Dr. Chavas Recognized by College of Science for Undergraduate Teaching - Department of Earth, Atmospheric, and Planetary Sciences - Purdue University Skip to main content

Dr. Chavas Recognized by College of Science for Undergraduate Teaching

04-04-2019

Writer(s): Logan Judy

EAPS Assistant Professor Dr. Daniel Chavas has been named the recipient of the College of Science’s Faculty Award for Outstanding Contributions to Undergraduate Teaching by an Assistant Professor.  The award, which was created in 1996, aims to recognize an assistant professor who has combined outstanding teaching with research excellence. 

Dr. Chavas was chosen for the award in part due to his investment in developing new classes and improving existing ones. One example of this is a new EAPS class entitled, “Extreme Weather and Climate: Science and Risk,” which he said aims to bring together two fields that seldom meet in the classroom – atmospheric science and risk analysis.

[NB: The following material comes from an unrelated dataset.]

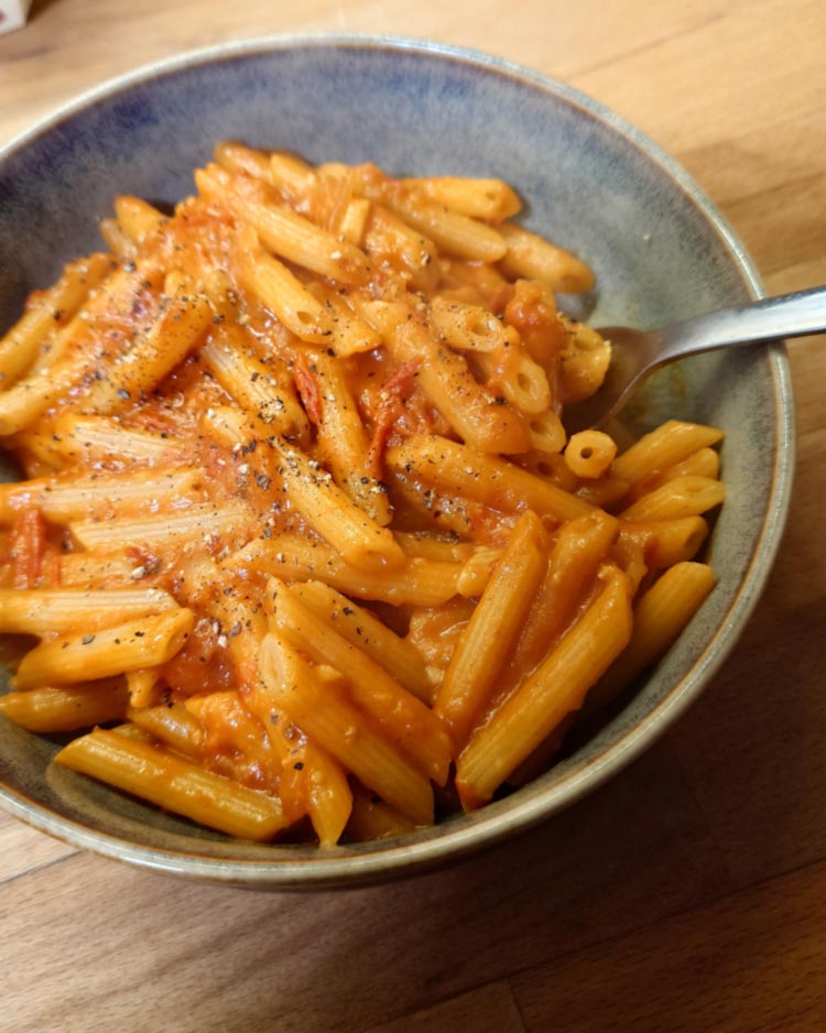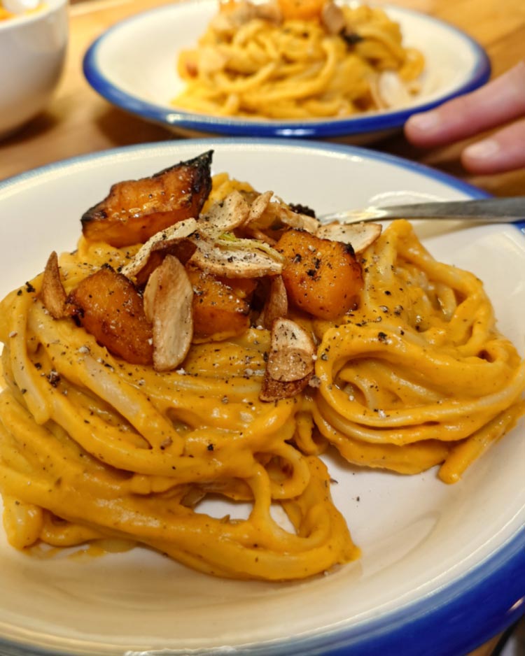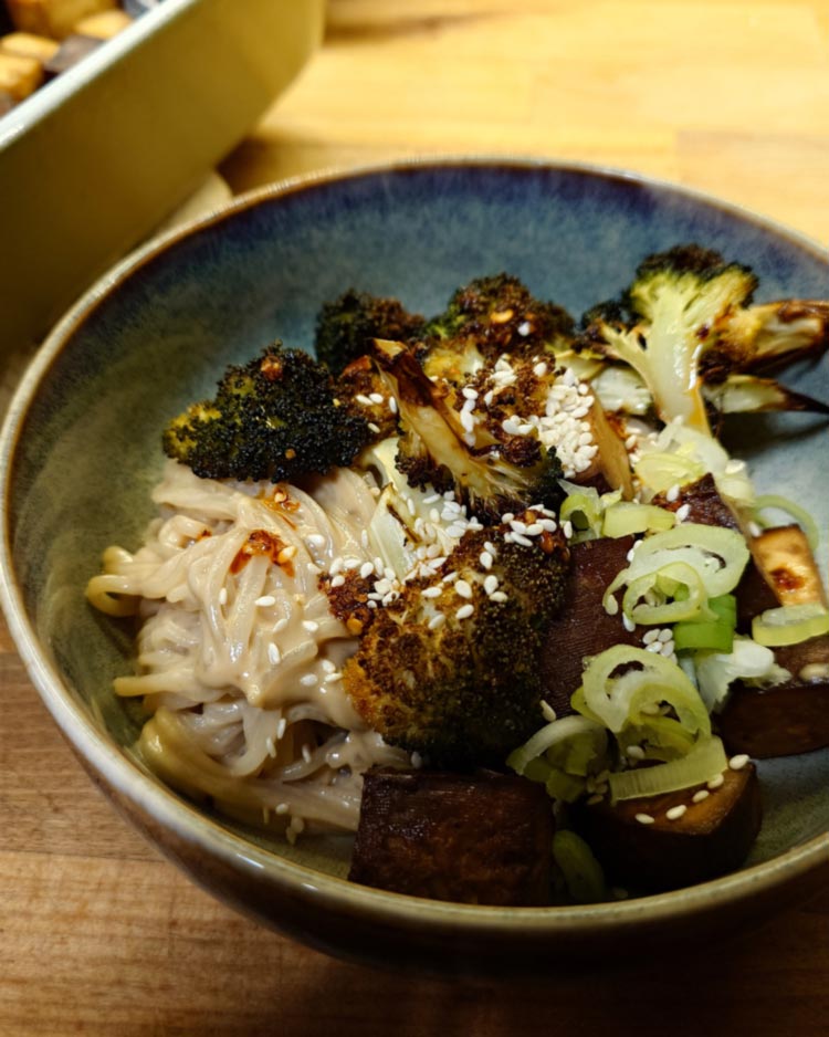 Tagliatelle mit Kürbissauce und frittiertem Knoblauch. Penne alla Vodka mit frischen Tomaten, aber ohne Wodka (sehr lose nach Serious Eats). Reisnudeln mit Sesamsauce (lose nach i am a foodblog), gegrilltem Brokkoli und Tofuwürfeln. Penne mit Gochujang-Butter, Spinat und Erbsen.

“There is a burgeoning field of improved decision-making and risk management across a whole range of economic sectors,” Dr. Chavas said.  “For anyone making these kinds of decisions, it becomes apparent that weather and climate affects everyone’s bottom line.  That’s even the case at a hardware store, where your sales of items like salt or wood are dependent on buying patterns, which can be influenced by an incoming storm.”

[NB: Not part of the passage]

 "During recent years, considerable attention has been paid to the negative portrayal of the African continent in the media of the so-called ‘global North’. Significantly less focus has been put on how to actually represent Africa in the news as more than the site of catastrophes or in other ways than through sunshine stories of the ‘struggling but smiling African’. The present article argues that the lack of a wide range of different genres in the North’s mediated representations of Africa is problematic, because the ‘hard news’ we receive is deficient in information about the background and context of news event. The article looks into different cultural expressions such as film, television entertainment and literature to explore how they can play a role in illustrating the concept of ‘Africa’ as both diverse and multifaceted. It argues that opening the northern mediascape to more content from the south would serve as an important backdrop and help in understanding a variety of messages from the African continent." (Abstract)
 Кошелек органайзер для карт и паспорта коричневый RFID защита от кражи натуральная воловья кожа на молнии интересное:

The development of the class was also influenced by looking at the job market, and considering what needs students may fill after graduation.  Many employers are seeking skills across atmospheric science, probability, and statistics.  With these skills, graduates could help a broad array of companies, municipalities, and other organizations mitigate risk and make better decisions.

Other interactions Dr. Chavas has had with students include refining the undergraduate course “Introduction to Science of the Atmosphere” (EAPS 225) and bringing undergraduate students into his research program.  This includes one student who published his work in a peer-reviewed journal and another in the Purdue Journal of Undergraduate Research.  A common theme throughout these experiences has been Dr. Chavas’s excitement for his subject and his students.

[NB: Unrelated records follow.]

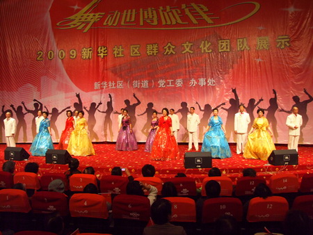 中新网12月2日电 据上海市侨办消息,11月25日,为宣传世博、了解世博、走进世博,进一步营造社区迎世博的热烈氛围,进一步构建健康、和谐的城区环境和城区活力,上海市长宁区新华社区在上海影城隆重举办了“舞动世博旋律”——2009新华社区群众团队展示活动。
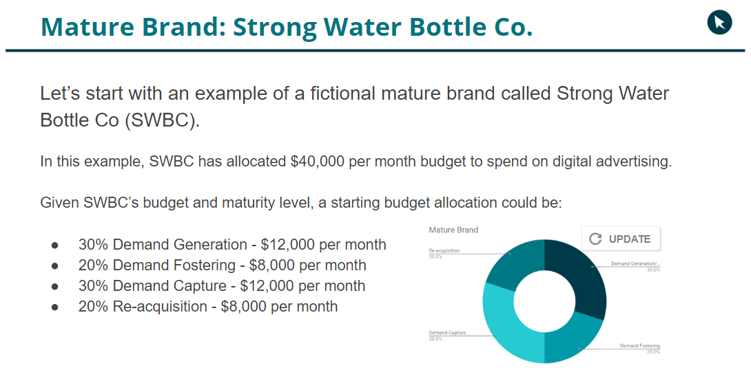 You’ll notice that Strong Water Bottle Co. uses many of the same ad units, but the budgeting has been rearranged to place marketing resources toward the middle and bottom of the funnel.
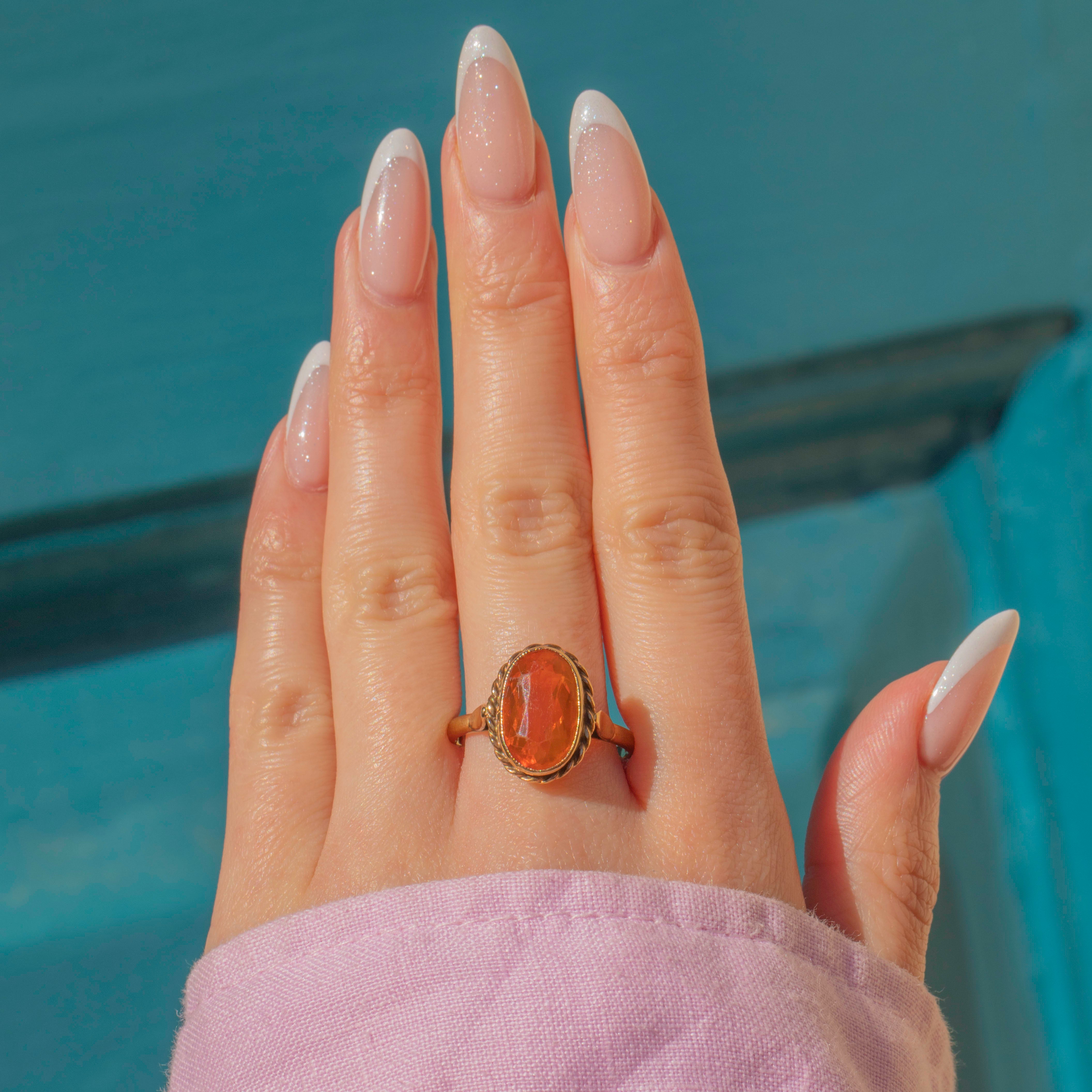 The stand-out design of this vintage Opal ring makes her a wonderful statement piece. With a blazing red-orange hue, this fire Opal cannot be missed as she adorns your hand!
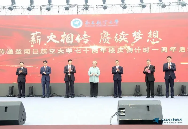 最后,黄懋衡老校长和全体校领导在舞台中间集体触摸电子屏,由党委书记罗嗣海宣布南昌航空大学70周年倒计时一周年正式启动。

“Students are very responsive when you are engaged and excited to be there.  They can see that you think the content you are teaching is really interesting and exciting, and that you’ve put a lot of effort into the class,” he said.  “For me as an instructor, if you demonstrate that you really enjoy what you’re doing and try to find ways to make complicated concepts tangible to people who’ve never seen it before, that’s very gratifying.”

One example of finding new ways to teach complicated concepts was the purchase of a geofluid dynamics table, made possible through an instructional education grant.  This table, sometimes called “weather in a tank,” comprises a spinning tank of water equipped with a camera.  Using dye, the rotating table allows you to create and visualize miniature cyclones and anticyclones in the tank that follow the same laws of physics as the weather systems on our rotating Earth that we experience regularly here at Purdue.

Dr. Chavas arrived on campus in 2016 as an assistant professor in the EAPS Department.  His research areas include natural hazard physics, tropical cyclones, weather and climate variability, climate change, risk analysis, and societal impacts.